2. 【年金関連】申請しないともらえない「公的なお金」は何がある?
はじめに、公的年金と特に関係の深い2つの支援制度について紹介します。
2.1 申請しないともらえないお金1.年金生活者支援給付金
年金生活者支援給付金は、老齢基礎年金・障害基礎年金・遺族基礎年金のいずれかを受給しており、所得が一定基準以下の方を対象とした制度です。
ここでは、とくにシニア世代との関わりが深い「老齢年金生活者支援給付金」に絞って、その仕組みを詳しく見ていきましょう。
【老齢年金生活者支援給付金の支給要件】
- 65歳以上の老齢基礎年金の受給者
- 同一世帯の全員が市町村民税非課税
-
前年の公的年金等の収入金額※1とその他の所得との合計額が昭和31年4月2日以後に生まれの方は88万9300円以下、昭和31年4月1日以前に生まれの方は88万7700円以下※2である。
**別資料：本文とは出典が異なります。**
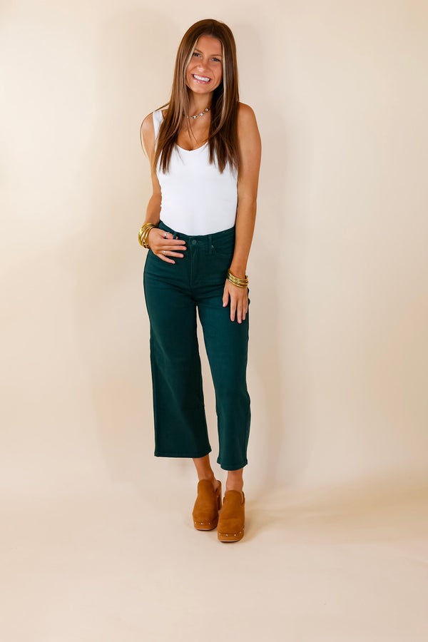 Judy Blue | Chic on the Move Cropped Wide Leg Utility with Front Patch Pocket Jean in Dark Wash

※1 障害年金・遺族年金等の非課税収入は含まれません。
※2 昭和31年4月2日以後に生まれた方で78万9300円を超え88万9300円以下である方、昭和31年4月1日以前に生まれた方で78万7700円を超え88万7700円以下である方には、「補足的老齢年金生活者支援給付金」が支給されます。
2025年度における「老齢年金生活者支援給付金」の基準額は、2024年度から140円増額され、月額5450円に設定されています。
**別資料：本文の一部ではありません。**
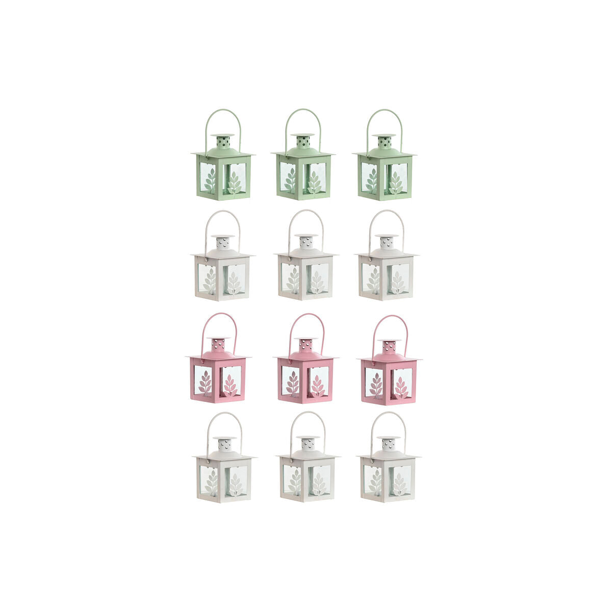 Set di lanterne Home ESPRIT Bianco Verde Rosa Cristallo Ferro Shabby Chic 7 x 7 x 10 cm (3 Pezzi) (4 Unità)
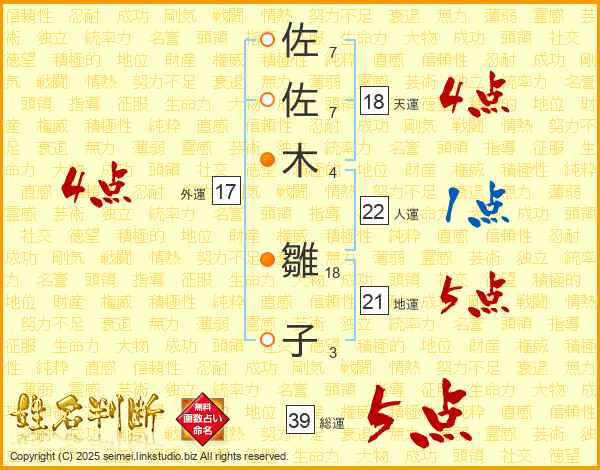 佐(7画)佐(7画)木(4画) 雛(18画)子(3画)

ただし、この金額はあくまで基準額であり、実際の支給額は月額5450円をもとに、保険料の納付済期間に応じて算出されます。
具体的には、以下の①と②を合算した金額が支給されます。
- ①保険料納付済期間に基づく額(月額) = 5450円 × 保険料納付済期間 / 被保険者月数480月
- ②保険料免除期間に基づく額(月額) = 1万1551円 × 保険料免除期間 / 被保険者月数480月
2.2 申請しないともらえないお金2.加給年金
年金を受給している人の中で、年下の配偶者や子どもを扶養している場合に知っておきたいのが「加給年金」です。
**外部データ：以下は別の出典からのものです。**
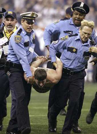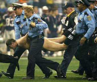 Police after he delayed the start of the second half of Super Bowl XXXVIII

これは、家族を扶養している年金受給者に対して支給される、いわば「家族手当」のような制度です。
対象となるのは、厚生年金に20年以上加入している人で、65歳に到達した時点(または定額部分の支給開始年齢に到達した時点)で、一定の要件を満たす配偶者や子どもを扶養している場合です。
- 配偶者:65歳未満
- 子:18歳到達年度の末日までの間の子、または1級・2級の障害の状態にある20歳未満の子
※ただし、配偶者が老齢厚生年金(被保険者期間が20年以上あるもの)、退職共済年金(被保険者期間が20年以上あるもの)を受給する権利がある場合、または障害厚生年金、障害基礎年金、障害共済年金などを受けている場合、配偶者への加給年金は支給されません。
以下の表を2025年度verに差し替えをお願いします
一例として、2025年度の「加給年金」の年金額(年額)は以下の通りです。
- 配偶者:23万9300円
- 1人目・2人目の子:各23万9300円
- 3人目以降の子:各7万9800円
老齢厚生年金の受給者には、生年月日によって特別加算が配偶者に対して支給される場合があります。
なお、加給年金は配偶者が65歳になると支給が終了しますが、その配偶者が老齢基礎年金を受給している場合には、一定の条件を満たすことで「振替加算」として老齢基礎年金に上乗せされることがあります。